- _Data to use_:
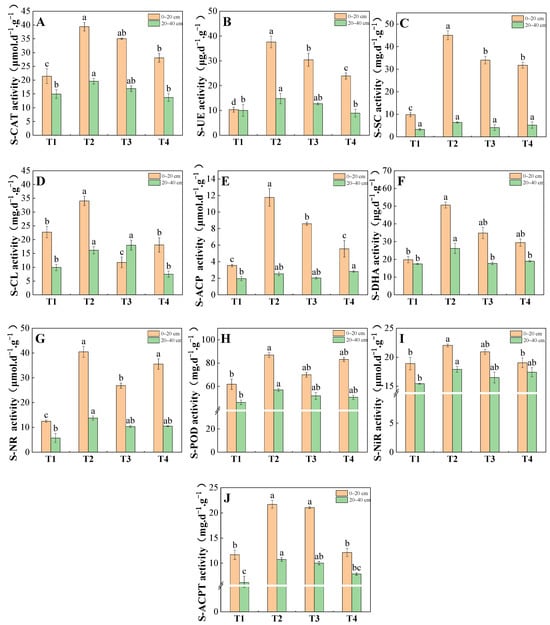 Enzyme activity in soil treated with reduced amounts of inorganic nitrogen and bio-organic fertiliser. Soil samples were taken at 0–20 cm (orange) and 20–40 cm (green) depths. Lowercase letters in the figure represent significant differences between samples from the same soil layer (p < 0.05). (A) soil catalase, (B) soil uretrase, (C) soil saccharase, (D) soil cellulase, (E) soil acid phosphatase, (F) soil dehydrogenase, (G) soil nitrate reductase, (H) soil peroxidase, (I) soil nitrite reductase, (J) soil protease.
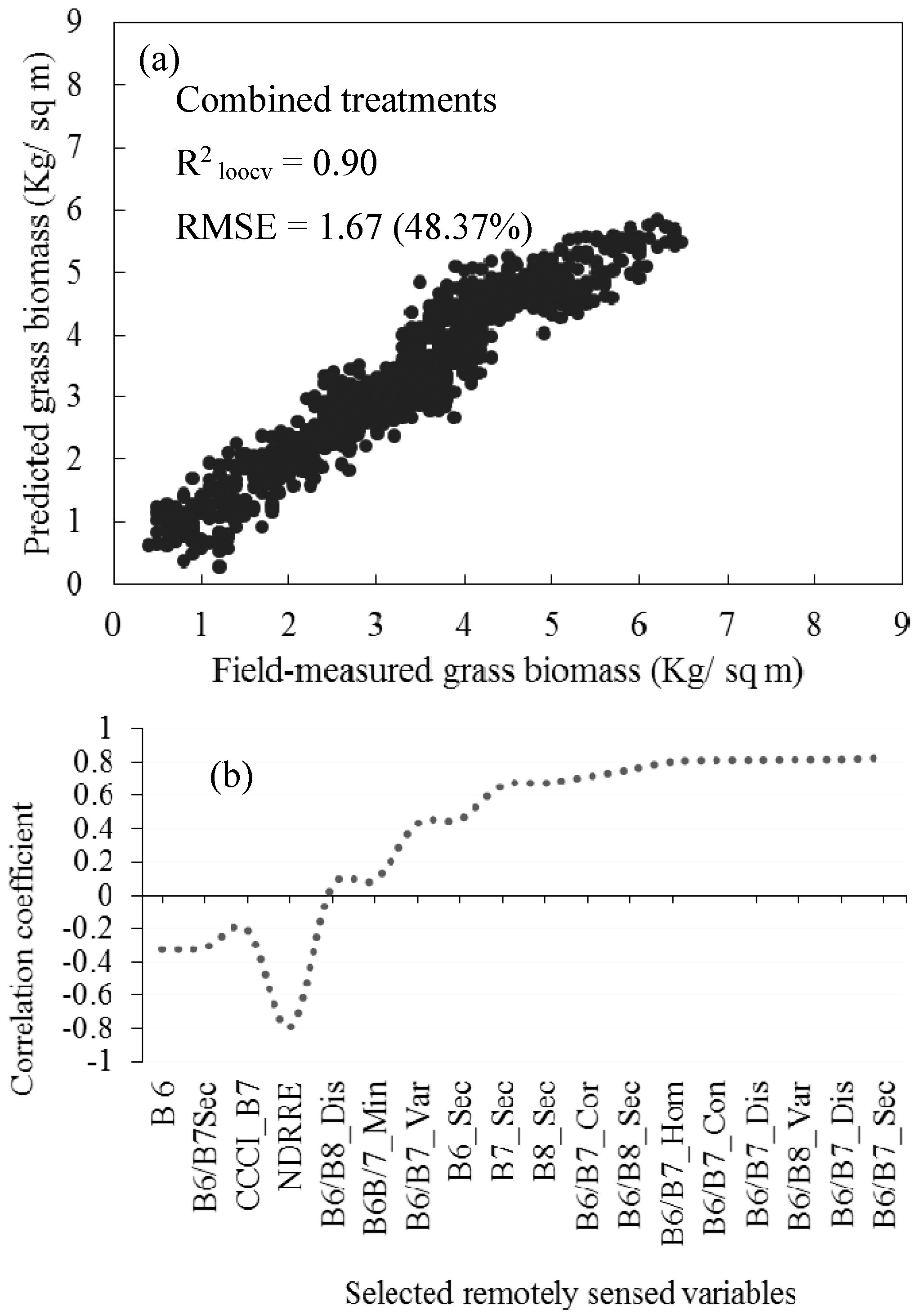 (a) Relationship between the field-measured and estimated grass above-ground biomass across all grass management treatments for validating sparse partial least regression (SPLSR) models, based on the leave-one-out cross-validation procedure. Note that the relative root mean square error is presented as a percentage; (b) illustrates the relationship between all the optimal variables and grass biomass across all treatments.
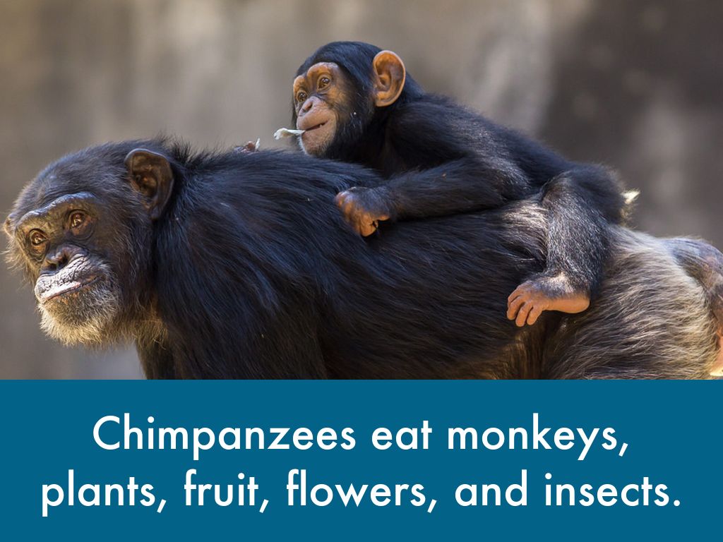 Chimpanzees eat monkeys, plants, fruit, flowers, and insects.
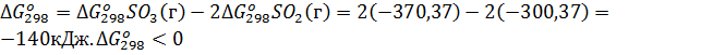 для химической реакции 2SO2(г)+О2(г)↔2SO3(г). В каком направлении может протекать эта реакция в стандартных условиях?
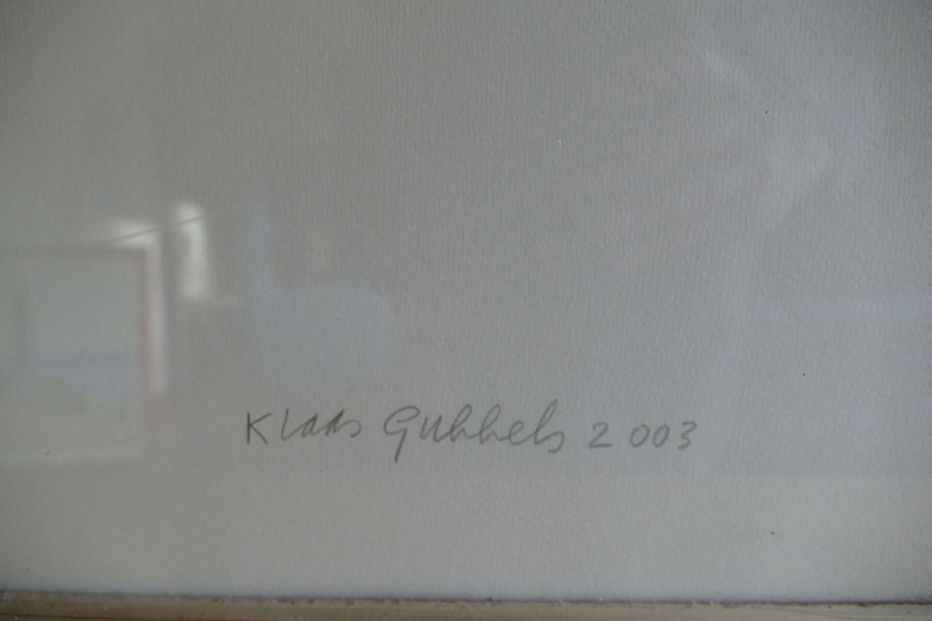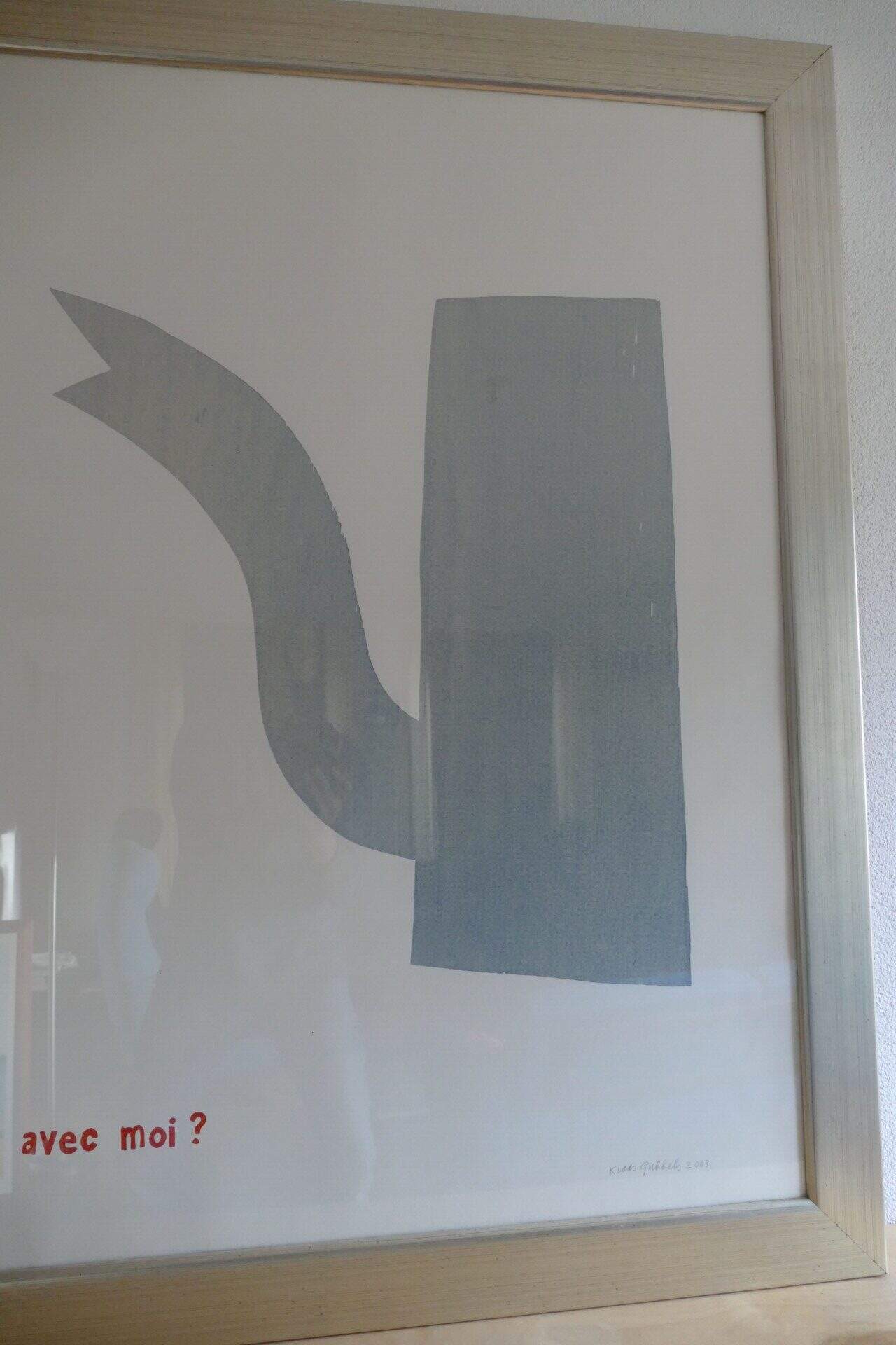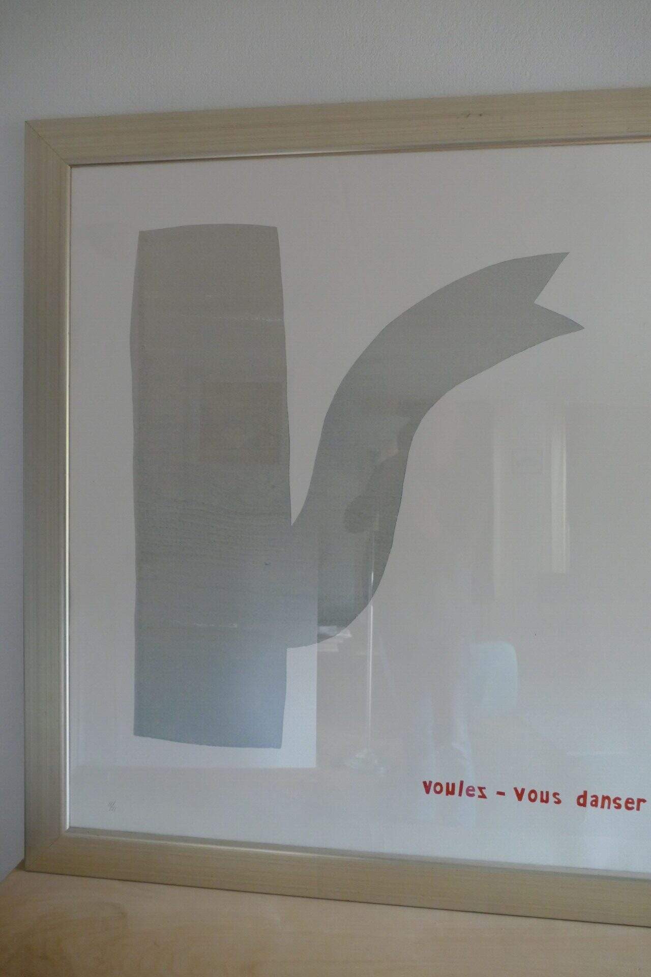 Grote houtdruk getiteld 'voulez vous danser avec moi?' van de hand van Klaas Gubbels uit 2003. Afmetingen inclusief lijst breed 207 en hoog 140 cm. Genummerd 11/11, gedateerd 2003 en gesigneerd. Ingelijst achter plexiglas.

- _Instructions to follow_: Exactly as written, restate all of the data, leaving out the images.

- _Worked solution_:
 Enzyme activity in soil treated with reduced amounts of inorganic nitrogen and bio-organic fertiliser. Soil samples were taken at 0–20 cm (orange) and 20–40 cm (green) depths. Lowercase letters in the figure represent significant differences between samples from the same soil layer (p < 0.05). (A) soil catalase, (B) soil uretrase, (C) soil saccharase, (D) soil cellulase, (E) soil acid phosphatase, (F) soil dehydrogenase, (G) soil nitrate reductase, (H) soil peroxidase, (I) soil nitrite reductase, (J) soil protease.
 (a) Relationship between the field-measured and estimated grass above-ground biomass across all grass management treatments for validating sparse partial least regression (SPLSR) models, based on the leave-one-out cross-validation procedure. Note that the relative root mean square error is presented as a percentage; (b) illustrates the relationship between all the optimal variables and grass biomass across all treatments.
 Chimpanzees eat monkeys, plants, fruit, flowers, and insects.
 для химической реакции 2SO2(г)+О2(г)↔2SO3(г). В каком направлении может протекать эта реакция в стандартных условиях?
 Grote houtdruk getiteld 'voulez vous danser avec moi?' van de hand van Klaas Gubbels uit 2003. Afmetingen inclusief lijst breed 207 en hoog 140 cm. Genummerd 11/11, gedateerd 2003 en gesigneerd. Ingelijst achter plexiglas.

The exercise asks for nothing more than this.